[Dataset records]
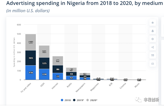不同于欧美市场,目前尼日利亚市场占据统治地位的依然是电视广告。随着互联网渗透率的提高,在线广告份额呈整体上升趋势,2020年预计达到9900万美元规模。
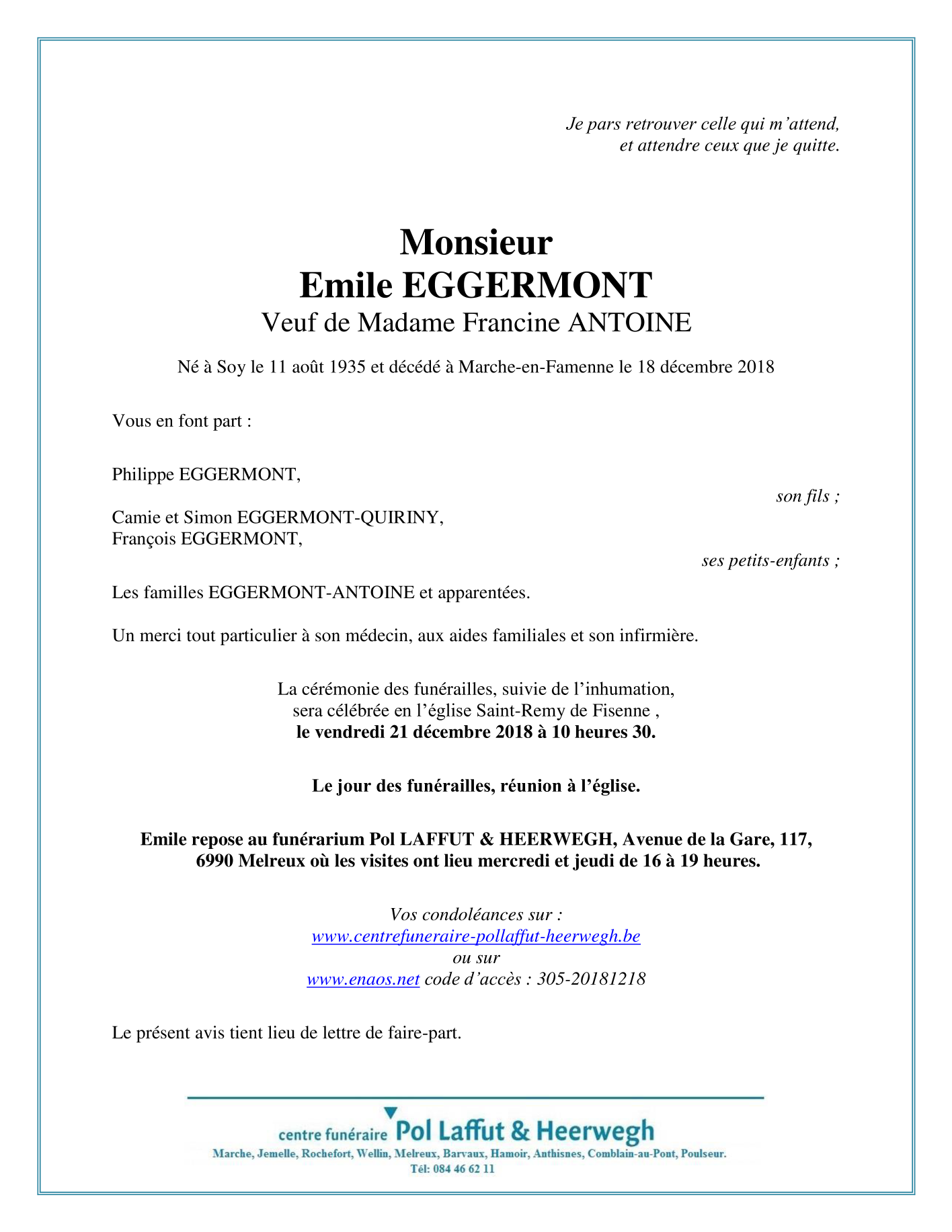 Décédé à Marche-en-Famenne (6900) le mardi 18 décembre 2018 à l'âge de 83 ans
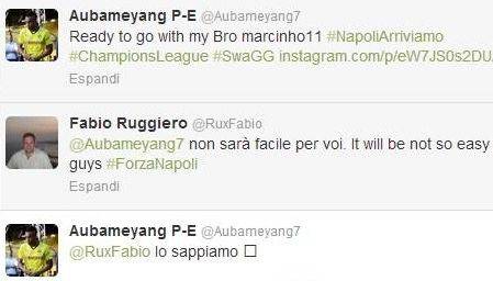 FOTO – Aubameyang risponde ad un tifoso su Twitter: teme il Napoli, leggete cosa gli ha scritto 18/02/201618/09/2013 di Antonio Papa VUOI ESSERE SEMPRE AGGIORNATO SUL NAPOLI? CLICCA QUI PER SCARICARE ‘NAPOLILIVE’, L’APP GRATUITA DI NAPOLICALCIOLIVE.COM! A seguire, la foto tratta dal profilo personale dell’attaccante del Borussia:
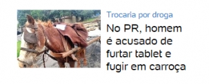 A história do homem que roubou um tablet e fugiu de carroça em Campo Mourão acabou sendo destaque nesta quinta-feira na página inicial do UOL, o maior portal do País. O tablet, que seria trocado por droga, foi recuperado e o ladrão foi preso. Mas a foto que correu o mundo é só do cavalo...
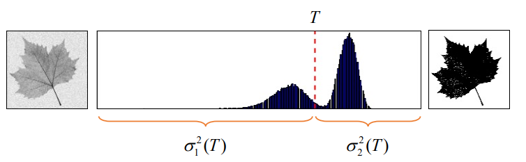- 임의의 임계값 T에 의해 나눠지는 두 픽셀 분포 그룹의 분산이 최소화되는 T를 선택
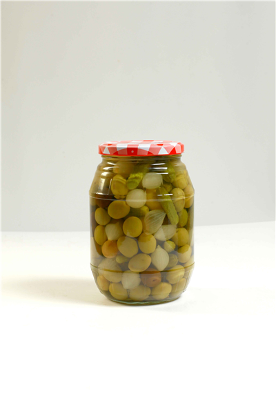 ACEITUNAS VERDES AL ESTILO ESPAÑOL CON CEBOLLITAS Y PEPINILLOS CON UN TOQUE JUSTO DE VINAGRE
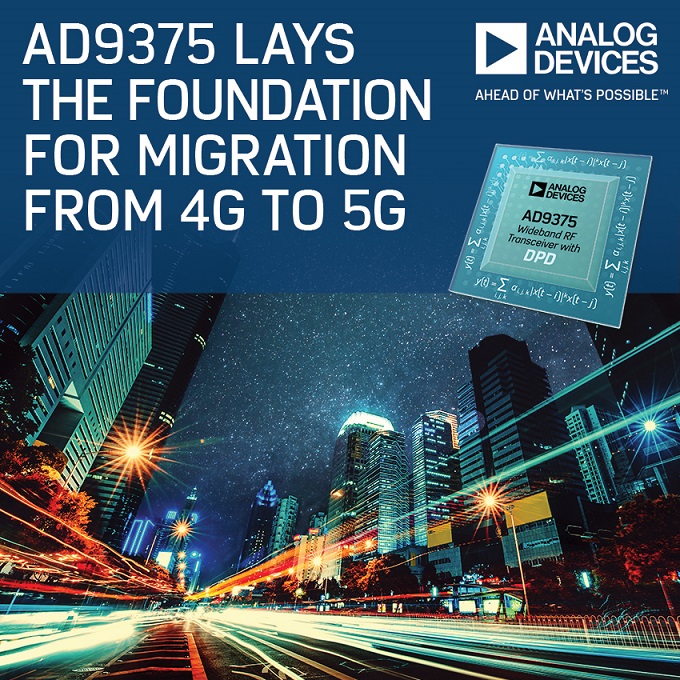 AD9375 트랜시버는 300MHz~6GHz 주파수 범위에서 조정 가능하고, 6Gbps JESD204B 인터페이스에서의 전력 소비도 5W가 채 되지 않는다. AD9371와 마찬가지로 AD9375는 100MHz Bandwidth의 수신2 Path, 250MHz Bandsidth의 송신 2 Path, 2Port 피드백 Path, 3 Port 스니퍼 Path로 구성된다. 트랜시버의 통합 DPD 솔루션은 최대 40MHz의 순간 신호 대역폭에서 3G와 4G 파형의 비선형 성분을 전치 왜곡 보상한다.
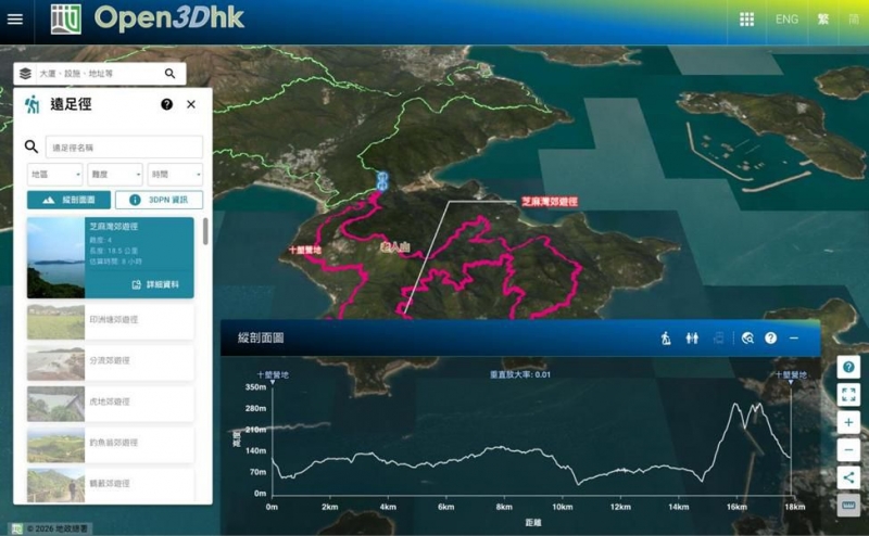 除市區外,地政總署亦把三維行人道路網擴展至郊野公園遠足徑,使香港自然景區的行走路線得以數位化和三維化。過去,公眾未必能輕易了解遠足徑的具體資訊,但隨着三維行人道路網的擴展,市民可瀏覽「Open3Dhk」線上應用平台,不僅能夠預覽各條山徑的立體地形與難度等級,還能獲得有關坡度及設施的詳細資料,有助規劃適合自身體能的行程。此類資訊不僅提升了遠足的安全性,也鼓勵更多人探索郊野,享受大自然的美好,同時亦可進一步善用香港山海都市近在咫尺的特質,吸引遊客探索山徑等相關綠色旅遊。

■ What this task involves ■
Between and including the line above that contains "Décédé à Marche-en-Famenne (6900)" and the line that contains "AD9375 트랜시버는 300MHz~6GHz", restate every line word for word. Pictures stay out.

■ Task solution ■
 Décédé à Marche-en-Famenne (6900) le mardi 18 décembre 2018 à l'âge de 83 ans
 FOTO – Aubameyang risponde ad un tifoso su Twitter: teme il Napoli, leggete cosa gli ha scritto 18/02/201618/09/2013 di Antonio Papa VUOI ESSERE SEMPRE AGGIORNATO SUL NAPOLI? CLICCA QUI PER SCARICARE ‘NAPOLILIVE’, L’APP GRATUITA DI NAPOLICALCIOLIVE.COM! A seguire, la foto tratta dal profilo personale dell’attaccante del Borussia:
 A história do homem que roubou um tablet e fugiu de carroça em Campo Mourão acabou sendo destaque nesta quinta-feira na página inicial do UOL, o maior portal do País. O tablet, que seria trocado por droga, foi recuperado e o ladrão foi preso. Mas a foto que correu o mundo é só do cavalo...
- 임의의 임계값 T에 의해 나눠지는 두 픽셀 분포 그룹의 분산이 최소화되는 T를 선택
 ACEITUNAS VERDES AL ESTILO ESPAÑOL CON CEBOLLITAS Y PEPINILLOS CON UN TOQUE JUSTO DE VINAGRE
 AD9375 트랜시버는 300MHz~6GHz 주파수 범위에서 조정 가능하고, 6Gbps JESD204B 인터페이스에서의 전력 소비도 5W가 채 되지 않는다. AD9371와 마찬가지로 AD9375는 100MHz Bandwidth의 수신2 Path, 250MHz Bandsidth의 송신 2 Path, 2Port 피드백 Path, 3 Port 스니퍼 Path로 구성된다. 트랜시버의 통합 DPD 솔루션은 최대 40MHz의 순간 신호 대역폭에서 3G와 4G 파형의 비선형 성분을 전치 왜곡 보상한다.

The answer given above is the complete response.